Sociometry: Social Network Analysis

If we carefully observe the drawing next to this text, it may seem to us like a human eye in formation: the colored part could be a pupil, while the many dots surrounding it make up the contour of the organ we use to detect light. If we were to be more specific, we would be able to distinguish certain wandering dots, moving away from the periphery that would eventually become other parts of the eye, not yet integrated into the cornea.

If we were to zoom in on the pupil, we may be able to notice that it is made up of many small dots joined together by edges; some dots have many lines connecting them to others, while others have few.

The sea of medusas, octopuses, and hybrids that each of these connections become slowly forms a web. Better yet, a network: a system sensitive to the changes in lighting, able to transform light into electric impulses that create a representation of reality. In this case, they give us a way of seeing virtual reality.

Sociograma #YoSoy132

Moving away from medusa metaphors, what we find in this image is not a visual representation of our optical organ, but a sociometric study of the virtual community formed around the social movement called #YoSoy132. Each dot represents a Twitter profile, while their interactions are drawn in the form of edges. The size of the dots is proportional to the amount of links (ins and outs) of each profile: the bigger ones mean a higher degree of connection, while the smaller ones represent a lower degree. Each color represents a different tribe. By tribe, we mean a group of people linked by conversation subjects that were discussed within the digital community and visually represented in the edges.

Last but not least, the contour of the cornea (the wandering dots we described earlier) symbolize the “nomads”: those members of the community that do not link to anyone else, but were also speaking of the same subject that moved the rest of the network.

After this explanation one may ask oneself, what’s the use of a sociometric study? And here lies the answer.
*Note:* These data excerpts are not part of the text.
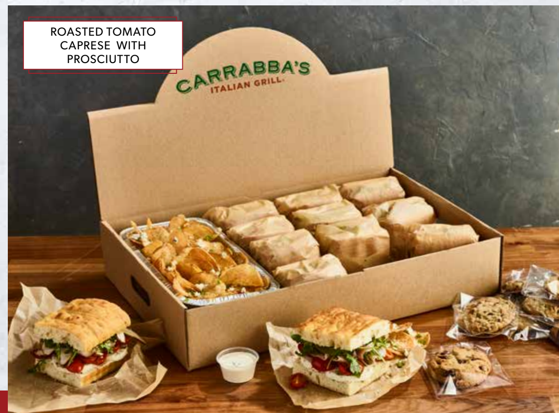
ROASTED TOMATO CAPRESE WITH PROSCIUTTO

ROASTED TOMATO CAPRESE WITH PROSCIUTTO OR CHICKEN, ITALIAN OR A COMBINATION OF ANY TWO
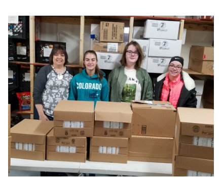
Girl Scout Troop 33 Instant Oatmeal and $400
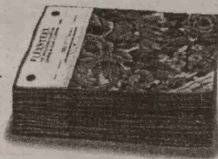
Over 1,000 Fabrics and Leathers
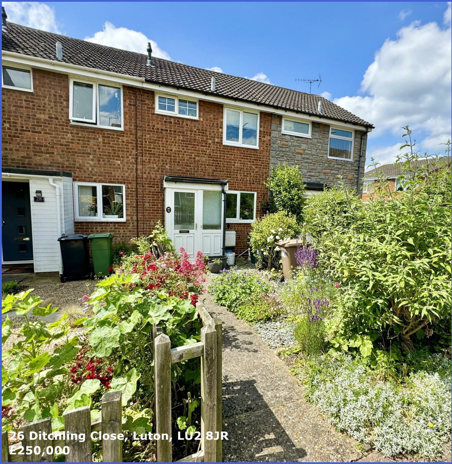
26 Ditchling Close, Luton, LU2 8JR £250,000
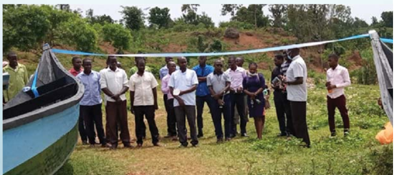
Community during the blessing of boats at the Anniversary
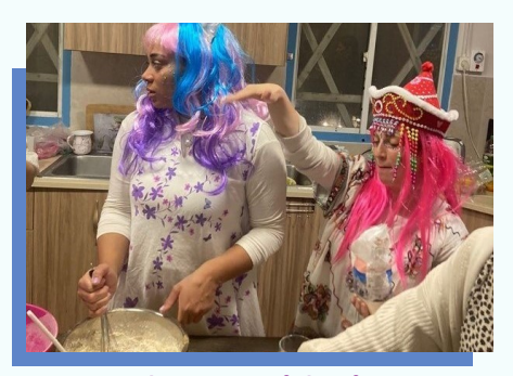
immensely grateful for your continued partnership.

This transformation not only enhances the overall ambiance but also provides a conducive environment for our students to develop and deepen their understanding of Jewish traditions and foster a sense of community. Your support has played a significant role in making this dream a reality, and we are
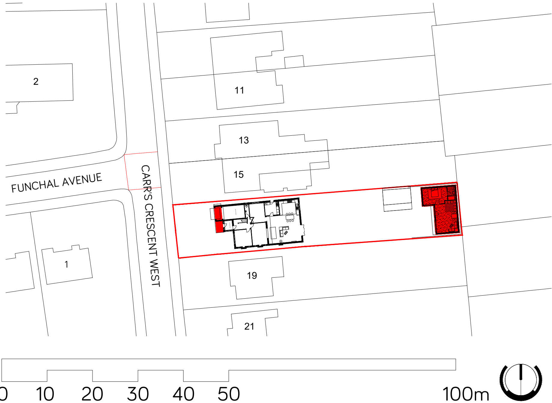
Site Plan Scale 1:1250

graham coule - architect mobile 07498 298775 email - shoresidearchitect@btinternet.com

In general terms, sociometries allow us to take an X-ray of any cybernetic get-together. They use a statistical method coined by Harre and Lamb in 1990 called Analysis of the Main Components, in which the correlation between a number of variables within a dataset is reduced and visually represented. This means that we can obtain an image or graph from the information we feed the program, and thus identify patterns, links and correlations: basically, the image helps us identify the position that each individual actor holds within an online community, as well as the network’s overall structure (Sánchez, 1992).
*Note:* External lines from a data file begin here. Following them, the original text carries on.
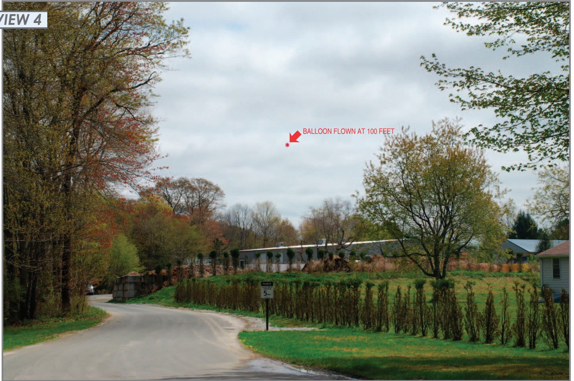
PHOTO TAKEN FROM BUTTONBALL ROAD AT ENTRANCE TO HOST PROPERTY, LOOKING EAST DISTANCE FROM THE PHOTOGRAPH LOCATION TO SITE IS 0.18 MILE +/-

ct:\mddat\40505.06\graphics\FIGURES\40505.06_Photosim.indd
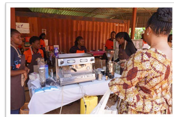
Above, A barista making a cup of coffee for the Minister of youth and children.
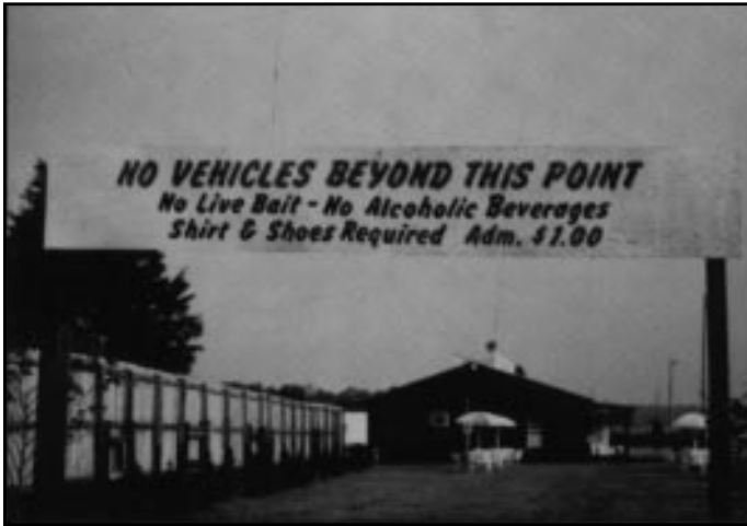
Regulations should be in obvious places.
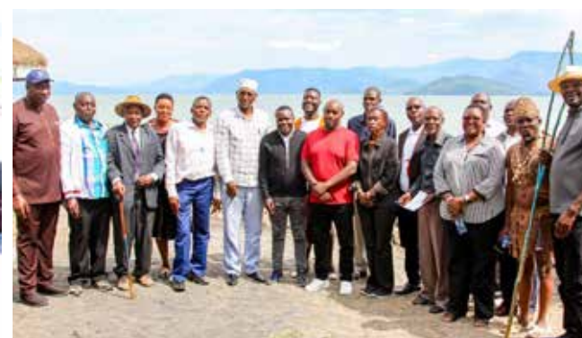
Members of the Committee on Transport pose for a picture with members of public after an engagement between the two sides on Mfangano Island.

Residents of Mfangano Island in Homa Bay County have challenged the Senate to ensure they are provided with a government-owned ferry to serve the route between Mbita and Mfangano.
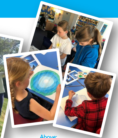
Above: Our Artists at work during Arts' Week
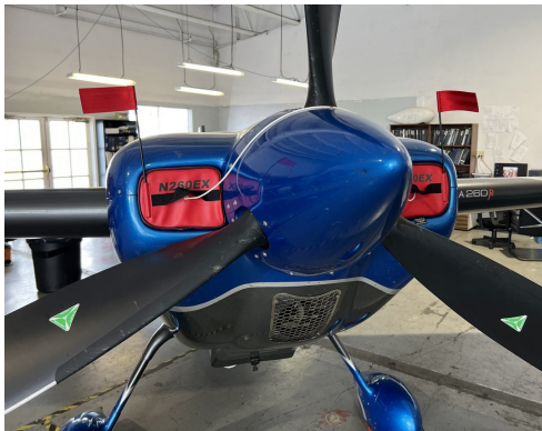
Extra 260 Engine Inlet Plugs

Engine Inlet Plugs are custom fit for your MXR Technologies MXS & MX2 intakes, made with heavy-duty vinyl material, and stuffed with a single block of sculpted urethane foam. Each plug has a zipper that allows the foam to be removed and dried if necessary. Engine plugs have warning flags that are visible from the cockpit or 'remove before flight' streamers sewn onto the face of the plugs. Most plugs are imprinted with the aircraft registration number in black for an extra charge. Storage bag NOT included. Engine plugs may be inserted after flight when the engine is still warm. Engine Inlet Plugs are commonly referred to as Cowl Plugs, Intake Plugs, Cowl Blocks, Engine Blocks, and Engine Bungs.

In more poetic terms, the eye we discussed earlier gives us the opportunity to visualize digital tribes, Tribe Leaders (the dots with the greatest amount of links and influence), and the interactions of each of the individuals that makes up a digital community.

However, for this technique to be of any use, we must go beyond the structure and the position of each individual actor. The real task is to understand the sociometric map using social sciences. Psychology, sociology, and anthropology become tools that help the analyst understand the conversations and meanings exchanged by the members of each network. Just like Avatar’s Jake Sully, he or she must interact with the community to try to identify the social dynamics behind each interaction, be it online or face to face (through interviews, content analysis, etc.). Pandora’s clan life and meaning only became clear to Sully when he agreed to live as they lived.

Networks have become the reigning paradigm under which we see the world; the art of trying to understand them has become a discipline, much like cartography was centuries ago (Pisani & Piotet, 2009). However, we must never forget that the value of a network does not depend solely on its size, but on its members and the multiple ways in which they share meaning (Odlyzko & Tilly, 2005). In the end, the key is to use the graph as a map, and hermeneutics as a lens.